*Input data*:
——————————
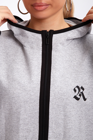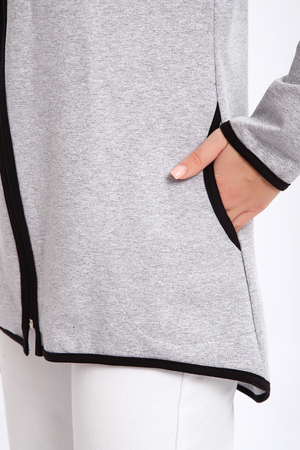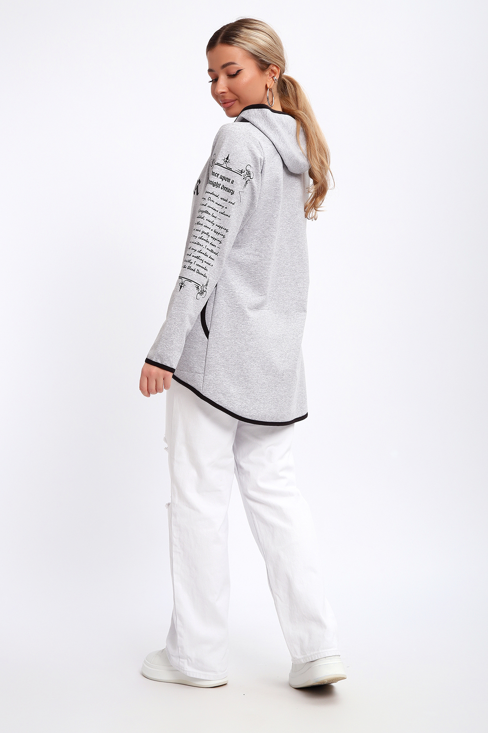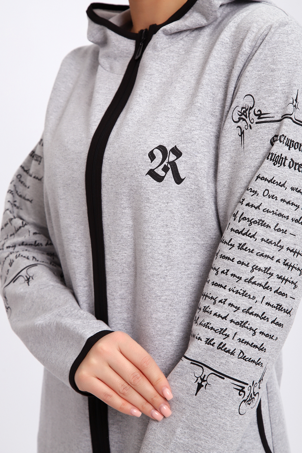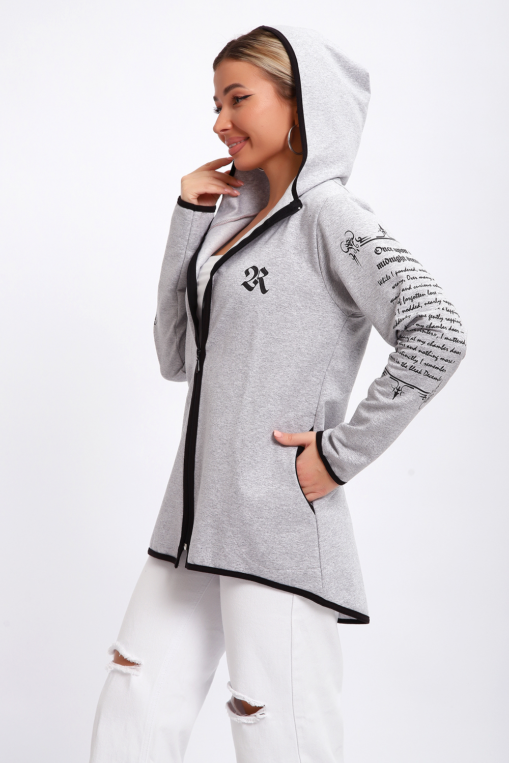 Туника необычного кроя на молнии, с капюшоном. Рукава длинные без манжетов, спинка длиннее переда. Карманы, рукава, капюшон и низ изделия обработан отделочной тканью. Принт на рукавах и полочке. Идеальное решение для прогулок, спорта или повседневного использования. Туника станет незаменимым элементом вашего гардероба.
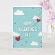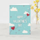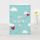 This greeting card features a calm aqua background that feels like an open sky, with white cloud shapes floating around. In the center, the text “HAPPY VALENTINE’S DAY” is set in white rounded sans-serif letters with a light shadow that helps it stand out. Small white hearts are scattered across the scene like tiny notes of love. Two larger red hearts sit on opposite corners, drawing your eye across the card. A dashed maroon line curves between them, suggesting a sweet connection from one heart to the other. A matching dashed border runs around the edge to frame everything neatly. The overall look is simple, bright, and full of affection 💘❤️.
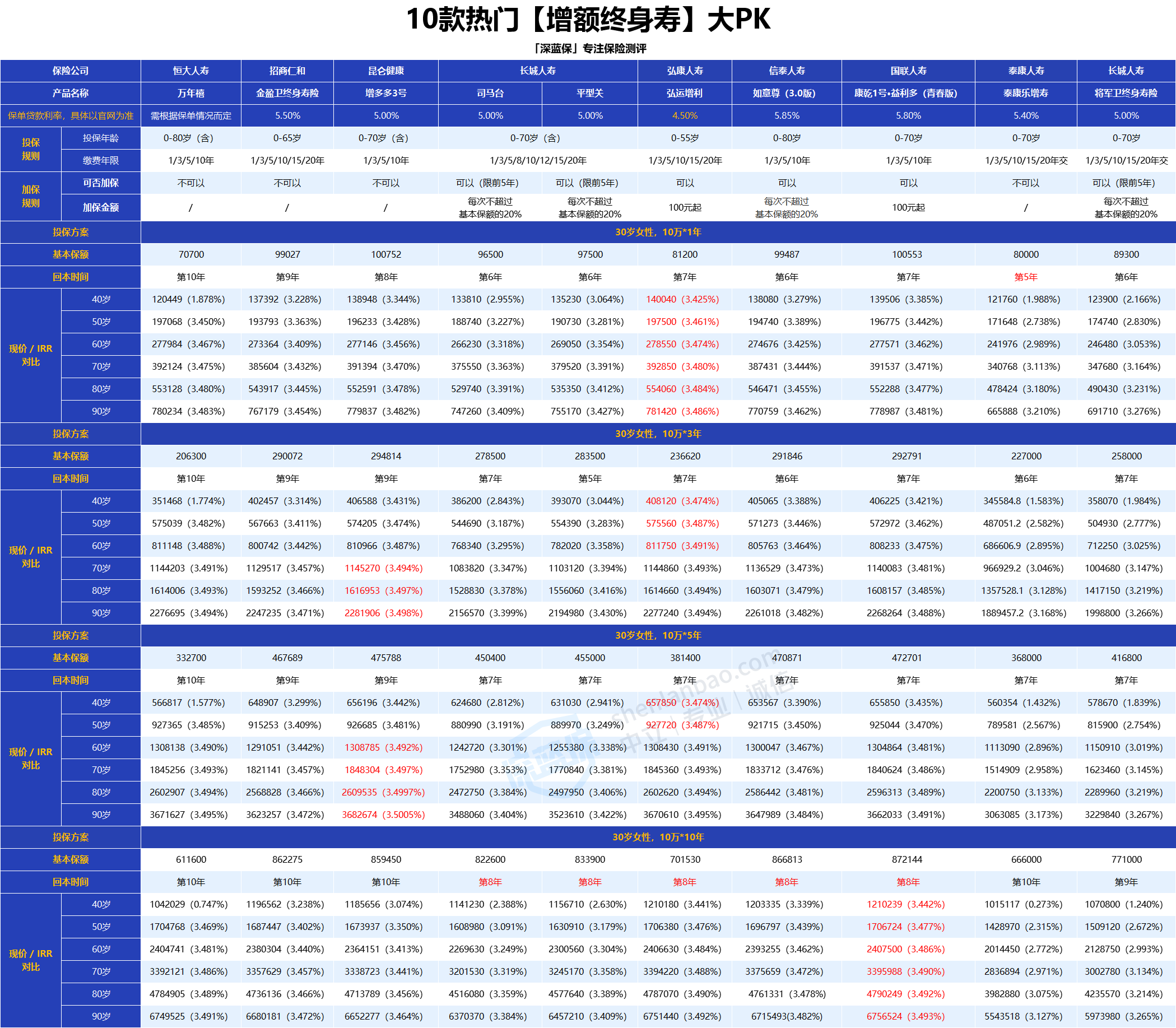 为了能让大家买到收益高的产品,我从线上、线下进行了产品汇总,最终通过irr的测算锁定了这 10 款:
——————————
*Exercise prompt*:
Repeat the full listing above exactly, with no pictures in the copy.

*Task result*:
 Туника необычного кроя на молнии, с капюшоном. Рукава длинные без манжетов, спинка длиннее переда. Карманы, рукава, капюшон и низ изделия обработан отделочной тканью. Принт на рукавах и полочке. Идеальное решение для прогулок, спорта или повседневного использования. Туника станет незаменимым элементом вашего гардероба.
 This greeting card features a calm aqua background that feels like an open sky, with white cloud shapes floating around. In the center, the text “HAPPY VALENTINE’S DAY” is set in white rounded sans-serif letters with a light shadow that helps it stand out. Small white hearts are scattered across the scene like tiny notes of love. Two larger red hearts sit on opposite corners, drawing your eye across the card. A dashed maroon line curves between them, suggesting a sweet connection from one heart to the other. A matching dashed border runs around the edge to frame everything neatly. The overall look is simple, bright, and full of affection 💘❤️.
 为了能让大家买到收益高的产品,我从线上、线下进行了产品汇总,最终通过irr的测算锁定了这 10 款:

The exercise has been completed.